Records excerpted from a collection:
Content starts
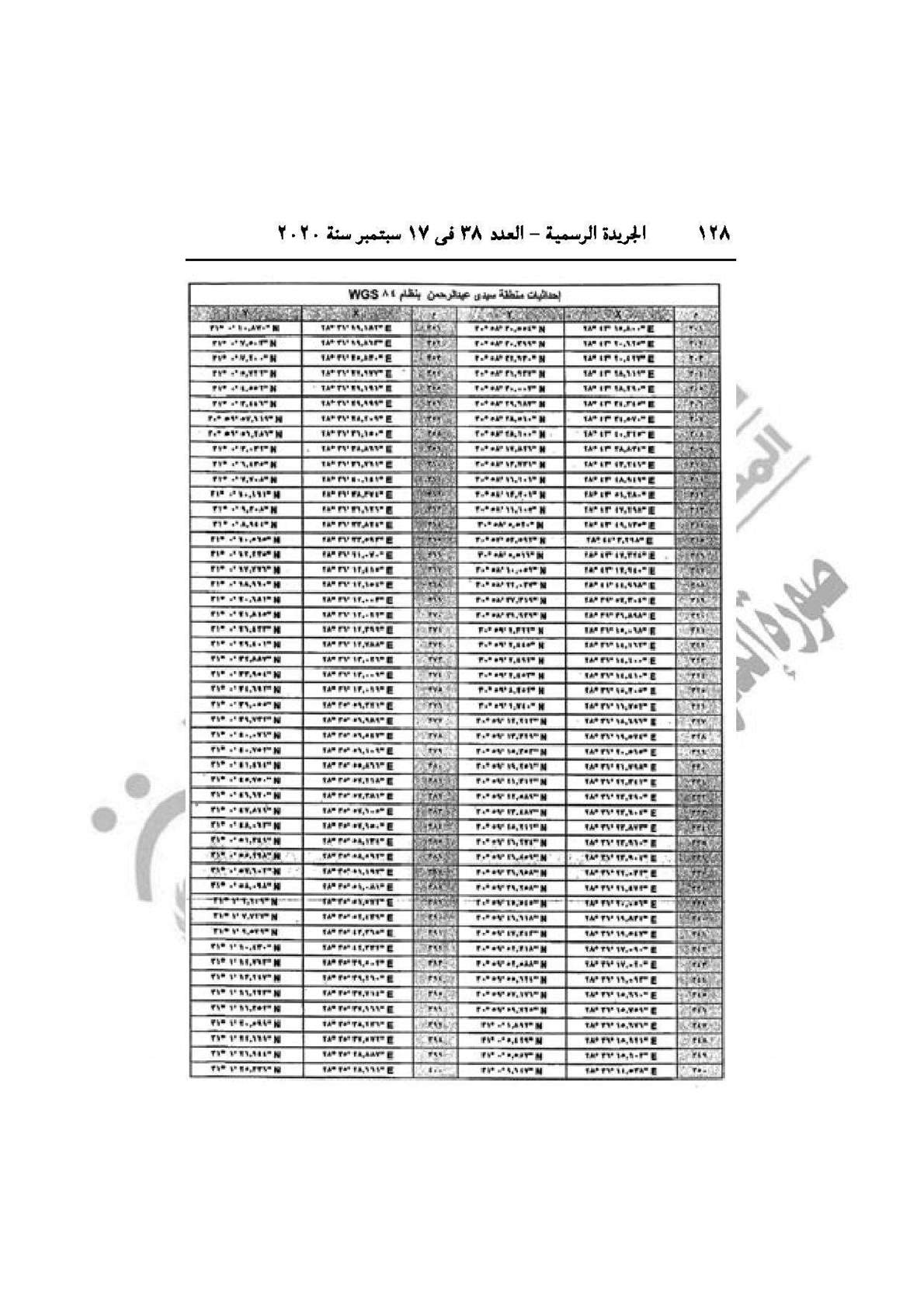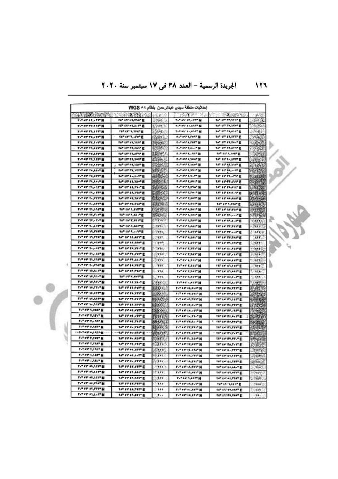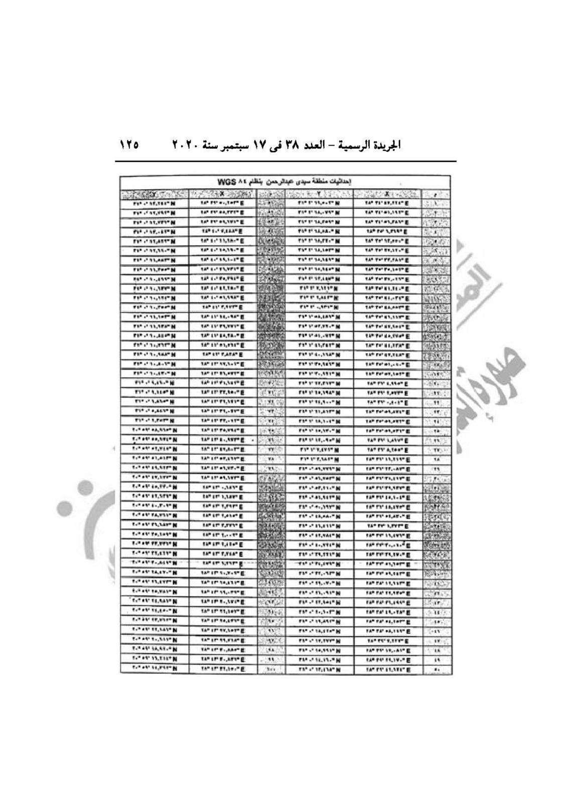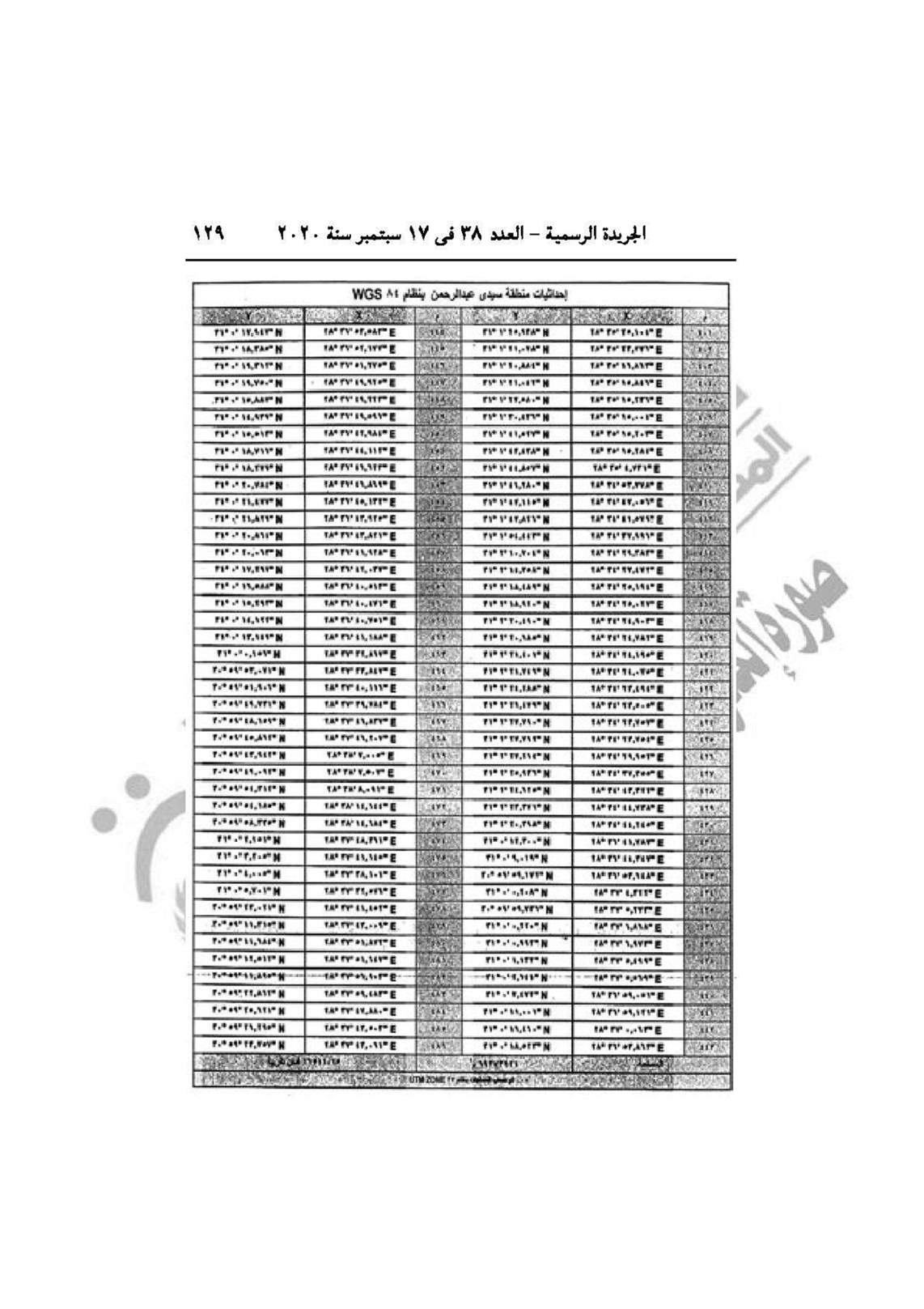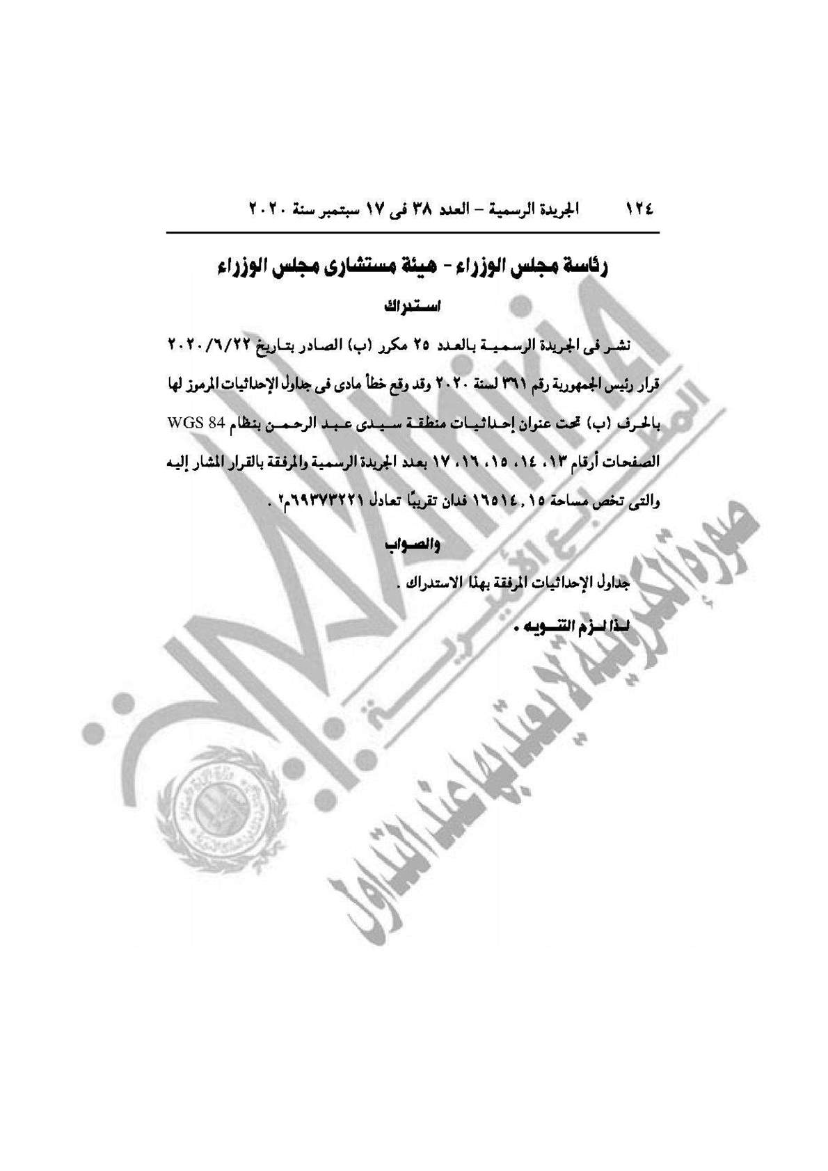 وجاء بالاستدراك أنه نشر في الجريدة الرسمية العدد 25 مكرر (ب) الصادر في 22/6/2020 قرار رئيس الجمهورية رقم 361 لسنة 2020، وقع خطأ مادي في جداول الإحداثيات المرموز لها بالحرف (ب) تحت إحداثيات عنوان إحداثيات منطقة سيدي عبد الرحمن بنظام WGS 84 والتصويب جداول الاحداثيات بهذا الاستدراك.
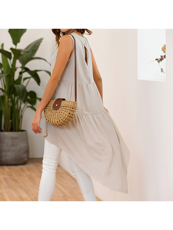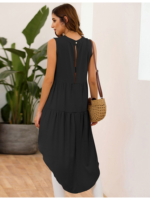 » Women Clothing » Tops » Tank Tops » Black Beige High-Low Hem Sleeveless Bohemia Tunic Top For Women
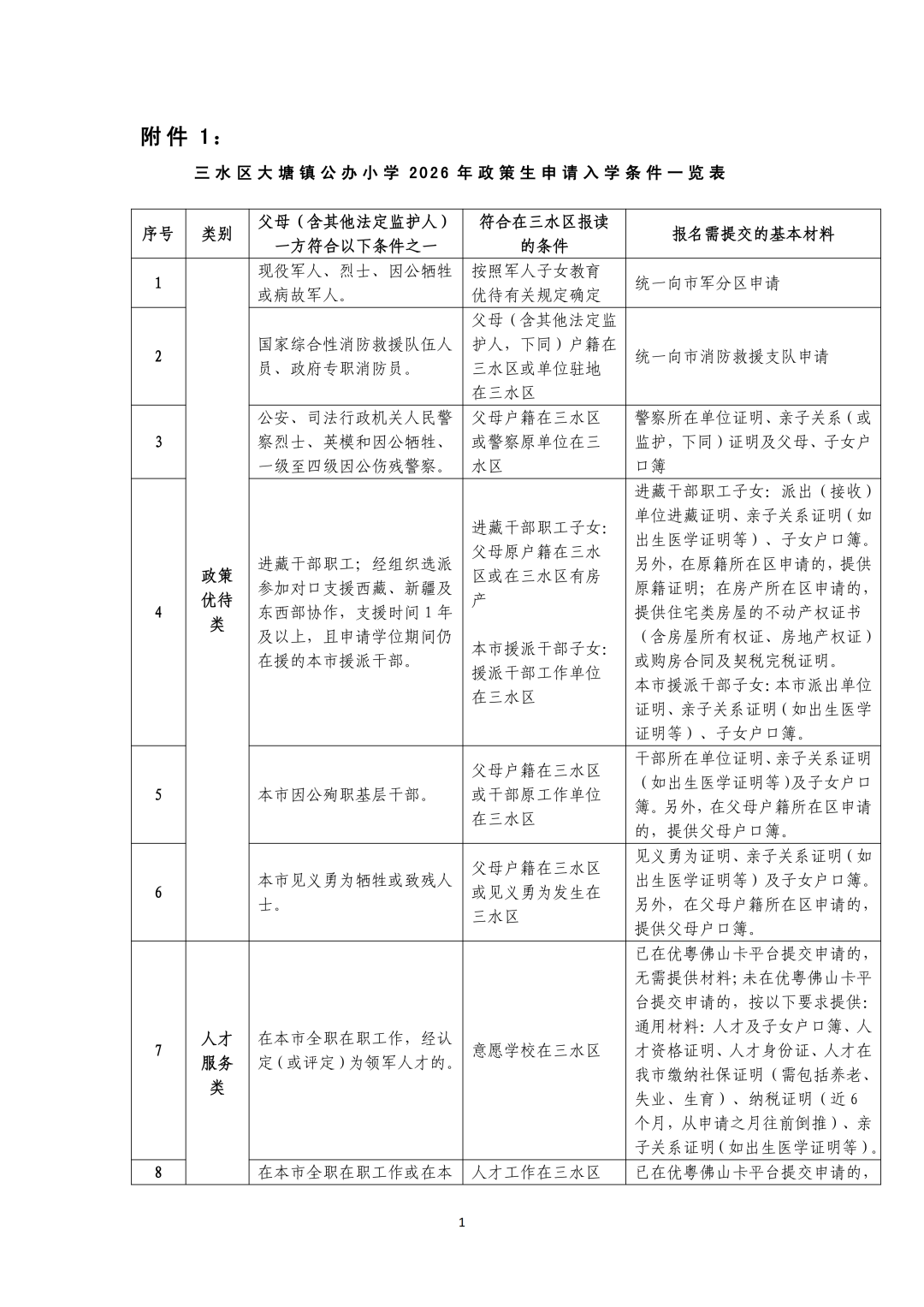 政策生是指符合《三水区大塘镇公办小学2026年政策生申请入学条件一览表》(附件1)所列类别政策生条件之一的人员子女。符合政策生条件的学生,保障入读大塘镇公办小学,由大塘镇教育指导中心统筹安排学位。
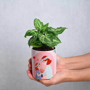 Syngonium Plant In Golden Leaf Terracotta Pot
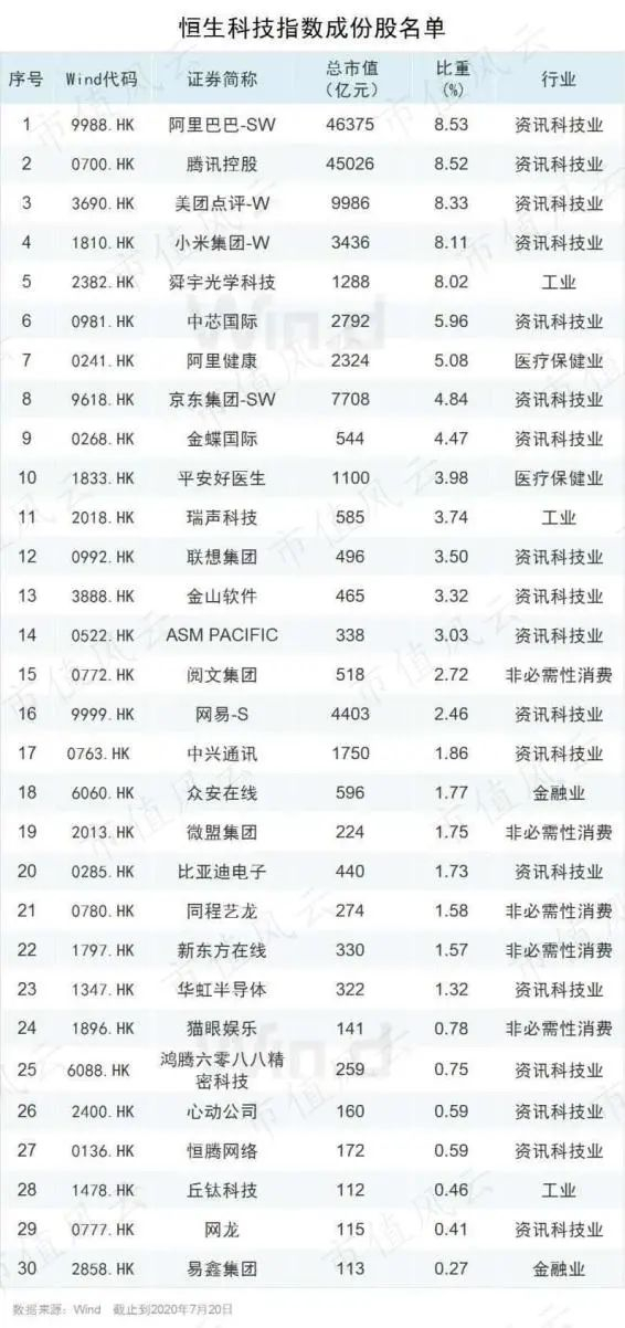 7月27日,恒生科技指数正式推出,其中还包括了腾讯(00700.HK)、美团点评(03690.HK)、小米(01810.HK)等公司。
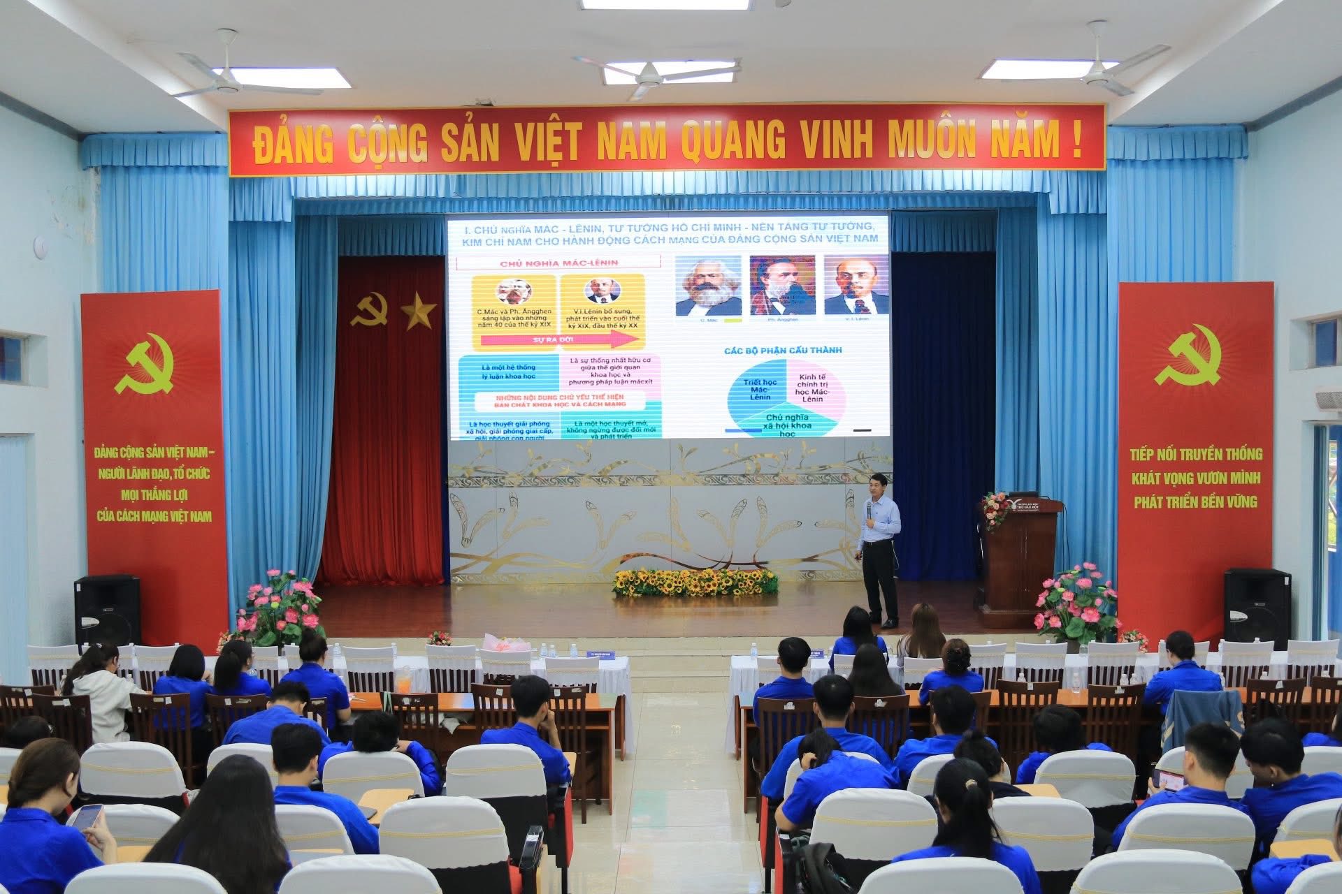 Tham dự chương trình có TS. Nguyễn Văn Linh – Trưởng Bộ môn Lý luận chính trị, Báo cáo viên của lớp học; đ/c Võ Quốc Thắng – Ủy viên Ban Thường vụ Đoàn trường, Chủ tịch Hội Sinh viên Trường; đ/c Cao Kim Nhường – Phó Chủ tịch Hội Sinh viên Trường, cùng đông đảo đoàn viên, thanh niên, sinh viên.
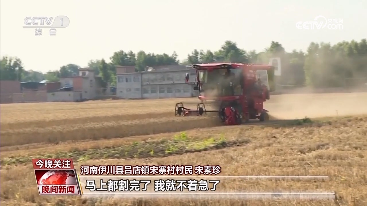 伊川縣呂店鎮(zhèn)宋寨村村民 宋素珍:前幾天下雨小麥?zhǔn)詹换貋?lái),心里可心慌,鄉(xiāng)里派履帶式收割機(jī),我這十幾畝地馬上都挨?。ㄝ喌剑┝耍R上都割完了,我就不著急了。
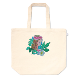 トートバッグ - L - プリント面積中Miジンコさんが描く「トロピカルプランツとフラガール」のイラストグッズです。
Content ends
* _WORK REQUIRED_:
Give again exactly the lines from the one holding "Tham dự chương" to the final line of the records, both ends included, and nothing more. Pictures do not belong in the copy.

* _THE COMPLETED TASK_:
 Tham dự chương trình có TS. Nguyễn Văn Linh – Trưởng Bộ môn Lý luận chính trị, Báo cáo viên của lớp học; đ/c Võ Quốc Thắng – Ủy viên Ban Thường vụ Đoàn trường, Chủ tịch Hội Sinh viên Trường; đ/c Cao Kim Nhường – Phó Chủ tịch Hội Sinh viên Trường, cùng đông đảo đoàn viên, thanh niên, sinh viên.
 伊川縣呂店鎮(zhèn)宋寨村村民 宋素珍:前幾天下雨小麥?zhǔn)詹换貋?lái),心里可心慌,鄉(xiāng)里派履帶式收割機(jī),我這十幾畝地馬上都挨?。ㄝ喌剑┝耍R上都割完了,我就不著急了。
 トートバッグ - L - プリント面積中Miジンコさんが描く「トロピカルプランツとフラガール」のイラストグッズです。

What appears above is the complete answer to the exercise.